■ Data shown:

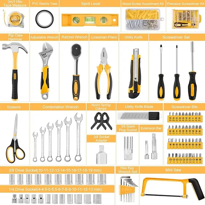 ·[Complete Variety] The 257 PCs basic tool kit contains: Wrench Set, Metric Socket Set, Screwdriver Set, Screw Kit, Measuring Tools etc. Perfect for Handyman, Repairman, Construction Worker, Mechanic, Car Repairman, Houseowner. The home tool kit is also a good choice for family, friends and partners.
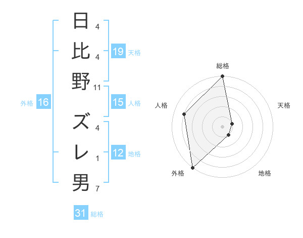 日比野 ズレ男さんの外格は16画の5点!
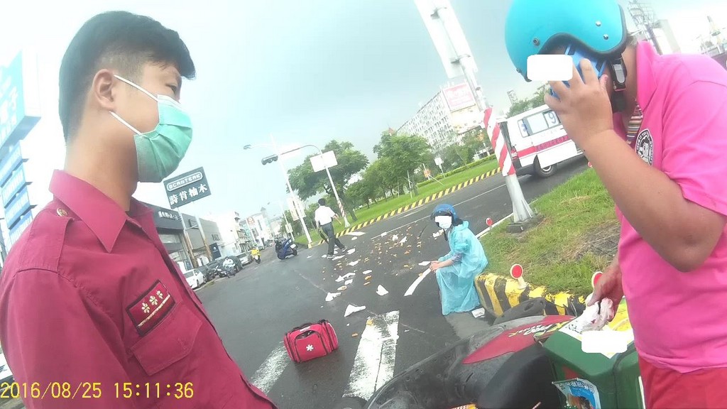 手部和膝蓋都流著鮮血,薛男表情痛苦地坐在路邊,看著地上散落的雞排,心中既無奈又難過。當救護人員要求上救護車時,他卻說「可以讓我打一下(電話)」,「喂?東西都沒辦法送了」。此時同事匆忙趕到,接過薛男的電話解釋情況,他這才安心地踏著蹣跚的腳步登上救護車。

■ Work instructions:
Pictures are to be left out; all other data must be returned exactly.

■ Answer below:
 ·[Complete Variety] The 257 PCs basic tool kit contains: Wrench Set, Metric Socket Set, Screwdriver Set, Screw Kit, Measuring Tools etc. Perfect for Handyman, Repairman, Construction Worker, Mechanic, Car Repairman, Houseowner. The home tool kit is also a good choice for family, friends and partners.
 日比野 ズレ男さんの外格は16画の5点!
 手部和膝蓋都流著鮮血,薛男表情痛苦地坐在路邊,看著地上散落的雞排,心中既無奈又難過。當救護人員要求上救護車時,他卻說「可以讓我打一下(電話)」,「喂?東西都沒辦法送了」。此時同事匆忙趕到,接過薛男的電話解釋情況,他這才安心地踏著蹣跚的腳步登上救護車。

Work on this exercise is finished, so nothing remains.